I do not enter into the discussion whether, upon this construction of the act of 1842, the supreme court may not also extend to courts of law and equity, the same power to arrest and imprison on process, that is given in admiralty cases. The point is not before me for adjudication; and although that is a legitimate and forcible consideration on weighing the probable meaning and intent of congress in the entire provision, it is not in my judgment of such force as to justify me in holuing that the supreme court had misinterpreted their powers under the statute in relation to admiralty practice, or that the act of 1841 should be expounded to draw within its provisions cases clearly not covered by it at its enactment, and brought into existence by state legislation subsequent to the act of 1842, and the rules of the supreme court established under its authority. The known usage in the admiralty courts, up to the present time, to arrest for debt and hold to bail, or imprison for want of it, upon their processes, notwithstanding the acts of congress of 1839 and 1841, and the laws of state legislatures abolishing arrests and imprisonment for debt, is impressive evidence that congress acquiesced in the judgments of the courts, that those laws did not govern the practice in admiralty; more especially since the promulgation of the admiralty rules, in 1845, by the supreme court, in which the authority to arrest and imprison on admiralty process, was explicitly recognized and declared.

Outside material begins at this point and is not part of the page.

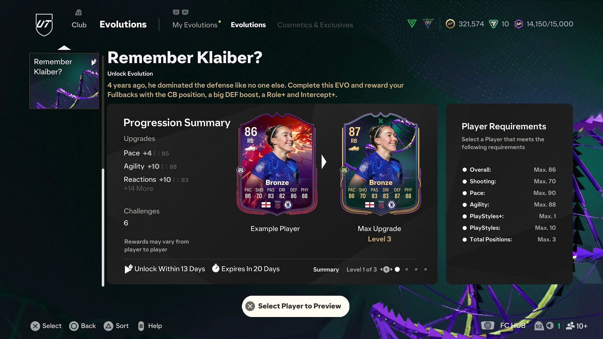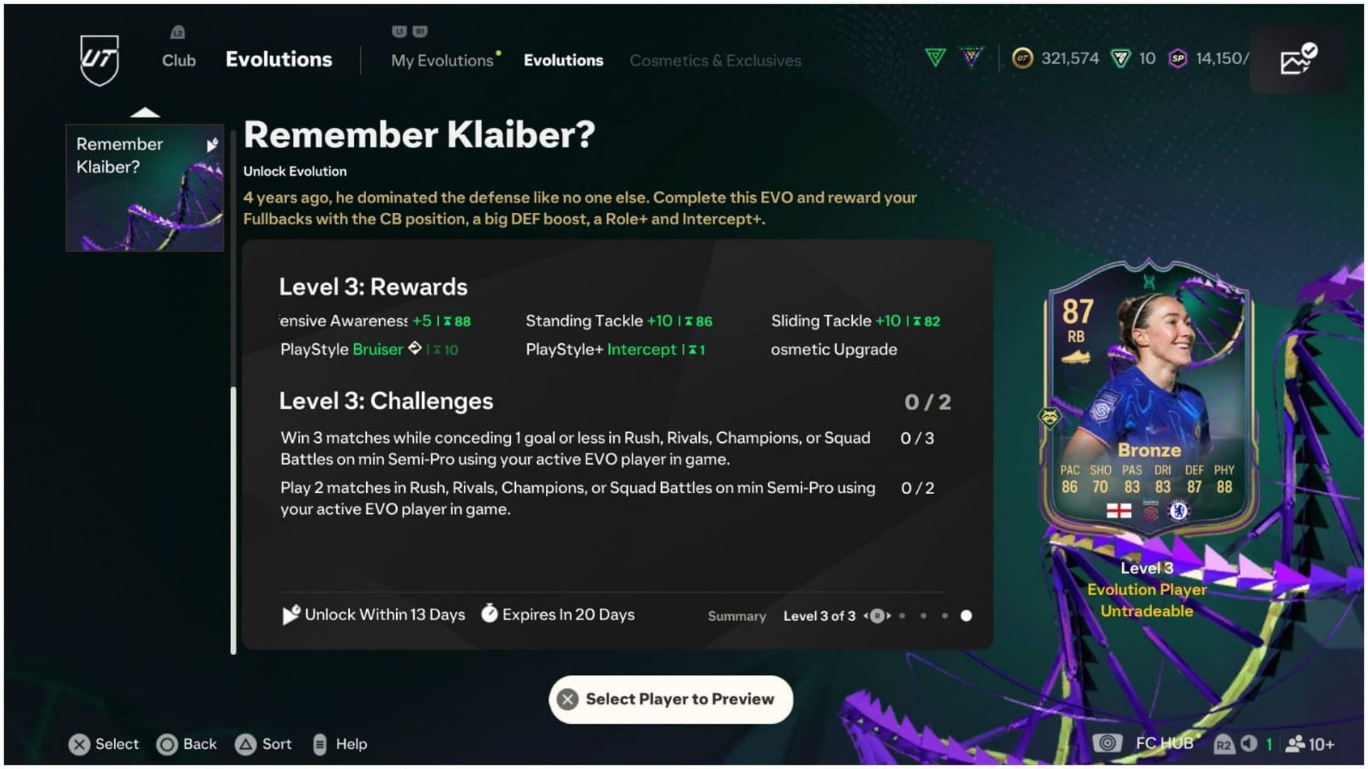 Unlike many recent Evolutions like Artist, Sentinel, and Hunter, the EA FC 25 Remember Klaiber Evolution has three levels to complete instead of two. These are the upgrades offered by each level of the EVO:

And the practice having since been constant and open to arrest and imprison parties on mesne and final process, from the admiralty, it must be accepted that congress intended by the act of 1842, to place the regulation of this branch of practice under the direction of the supreme court, and not leave it subject to the changeable legislation of the states.

I accordingly pronounce against the motion on all the points raised, but they being of novelty and importance, the decision is without costs.

1 [Reported by Abbott Brothers.]

2 See, also, on this point Holmes v. Dodge [Case No. 6,637].